U.S. Government Says it Intends to Use Section 3 of Voting Rights Act to Require Texas to Continue to Seek Pre-Clearance for Voting Changes

On July 25, U.S. Attorney General Eric Holder said that he will seek to use Section 3 of the federal Voting Rights Act against Texas. Section 3 says that, notwithstanding the coverage formula for pre-clearance, any state that has recently showed a pattern of passing or enforcing discriminatory voting practices must obtain approval from the Voting Rights Section of the U.S. Justice Department before changing any election laws or practices. See this story. This action is a reminder that just because Section 4, the formula for determining which areas of the country are subject to pre-clearance, is no longer part of the law (because of last month’s U.S. Supreme Court opinion Shelby County, Alabama v Holder), the more obscure section 3 is still in the law.

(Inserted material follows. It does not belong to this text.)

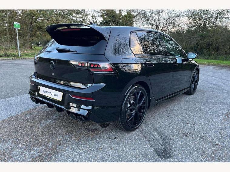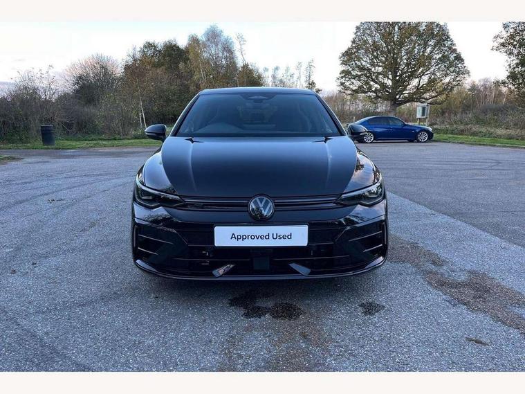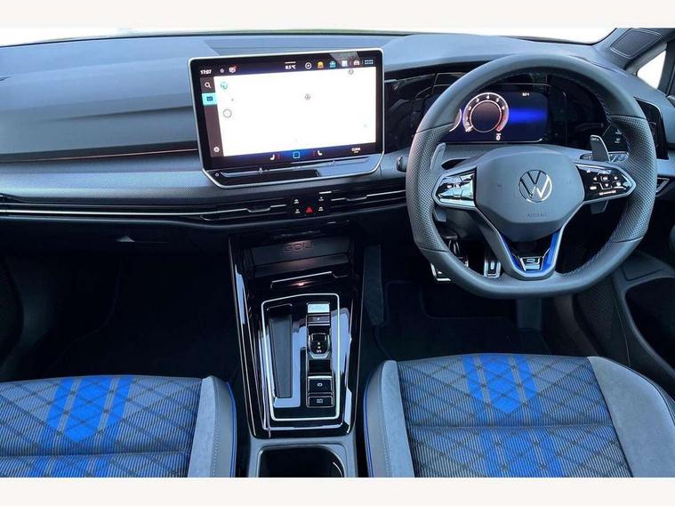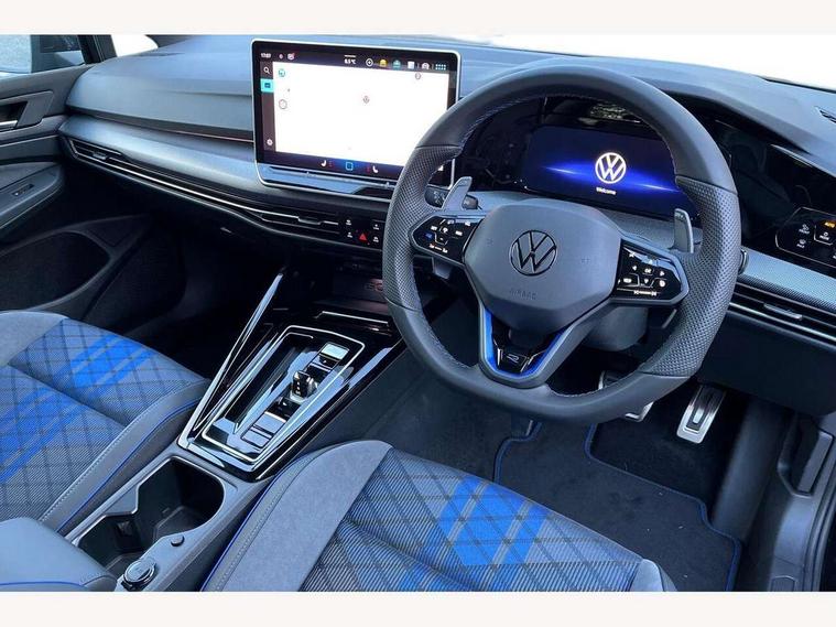 Activated carbon canister, Adaptive cruise control (ACC), Advanced driver attention and drowsiness monitor, Dynamic road sign display, E-Sim card for online connectivity, eCall emergency call system, Electronic maximum speed limit increased to 270 km/h, includes driving Modes 'drift' and 'special', larger roof spolier and GPS laptimer + G-Meter, Multi-color Digital cockpit pro, selection of different info profile possible, Multifunction front facing camera for distance control, Navigation system, Oncoming vehicle braking when turning including swerve support, Progressive steering, Side assist blind spot lane change system, rear traffic alert and exit warning system, Speed limiter, Speedo, rev counter, electronic odometer, trip, service interval display, exterior temperature and fuel gauge, Traffic jam assist, Voice enhancer and voice control, Warning signal and warning light for front and rear seatbelts not fastened, We connect plus preparation, We connect preparation, Wireless app connect, All wheel drive - 4Motion, Petrol Particulate Filter, Start-stop system with battery regeneration (recuperation - energy recovery during braking), XDS electronic differential lock for improved traction and handling, 2 USB C ports in front, 2 USB charging sockets on the centre console in the rear charging capacity upto 45W, Digital radio reception (DAB), Diversity antenna for FM reception, Gaming platform via car app, Infotainment system with 12.9" display, Mobile phone interface with inductive charging feature, 3rd brake light, Auto dimming rear view mirror, Automatic headlamp activation with Coming home and Leaving home feature, Black badge on B-pillar, Black mirror caps, Black strips on radiator grille and headlights, Body colour door handles, Darkened headlights, Darkened R Logos and VW logos in front, rear and on fender, Exterior mirrors convex on the left and aspherical on the right, Front and rear electric windows, Front fog lamps and cornering light, Heat insulating windshield made of laminated glass, Illuminated lighting animation with wake up/goodbye scenario, LED matrix headlights with ambient light V2, advanced high beam, dynamic range contol with cornering, LED rear lamp with indicator, poor weather, LED separate daytime running light, Light assist with High beam control, R name plate, Rain sensor, Rear fog light on one side and reversing lights on both sides, Rear side wing doors, Rear tinted glass 65% light absorbing from B pillar backwards, Rear windscreen washer and wiper with interval delay, Remote electrically foldable door mirrors, puddle lights and reverse activated passenger's door mirror, Welcome light with surround lighting, 12V socket in front centre console, 12V socket in luggage compartment, 3 rear head restraints, 3 seat bench in 2nd row, 30 colour ambient lighting, illuminated center console storage compartment in front, Air care climatronic 3 Zone automatic climate control with rear air conditioning control panel, Aluminium gearshift handle, Brushed stainless steel pedals, Chrome plated radiator grille inserts, air vent surrounds and light switch surrounds, Entry lights, Front + rear black carpet mats, Front centre armrest, Integrated front head restraints, ISOFIX anchors for child seats on outer rear bench seats and on front passanger seat compatible for i-Size, Luggage compartment lighting, Rear cupholder and loadthough, Single front passenger seat, Soul black instrument panel, Soul black roof lining, Split folding backrest with centre armrest and unsplit rear seat bench, Sun visors with illuminated vanity mirrors, Driver assistance pack - Golf Estate/Hatchback Auto, R styling pack - Golf, Technology park and comfort pro package - Golf Hatchback, 3 point height adj front seatbelts + pretensioners, 3 rear three point seatbelts, ABS, Autonomous emergency braking front assist with pedestrian and cyclist monitoring, Child locks on rear doors, Driver and front passenger airbag with front passenger airbag deactivation, Electronic parking brake with auto hold, ESC (Electronic Stability Control), Extended pedestrian protection measures, Front and rear black brake calipers with darkened R-logo, Hill start assist, Rear disc brakes, Two tone horn, Tyre pressure loss indicator, Volkswagen roadside assistance, Anti theft wheel bolts, Preparation for alcohol interlock, Sporty vehicle dynamics, Tool kit for tyre mobility set, Tyre mobility kit Includes 12V compressor and tyre sealant, Wheel hub cover with darkened R-logo,

Thanks to Rick Hasen for the link.

UPDATE: also on July 25, the Department of Justice, which is intervening in one of the Texas redistricting cases (Perez v State of Texas, western district of Texas, 5:11cv-360), asked that Court to apply section 3. See this brief filed by the Justice Department.

Arizona Supreme Court Won’t Hear Challenge to New Higher Contribution Limits for State Office

On July 24, the Arizona Supreme Court refused to hear Arizona Citizens Clean Elections Commission v Bennett, cv13-0233. This is the case in which supporters of public funding challenged new, higher campaign contribution limits for candidates who don’t participate in the public funding program. The State Supreme Court’s refusal to hear the case doesn’t mean that the case is dead. It just means that the plaintiffs must start all over again in the trial court. See this story. Thanks to Rick Hasen for the link.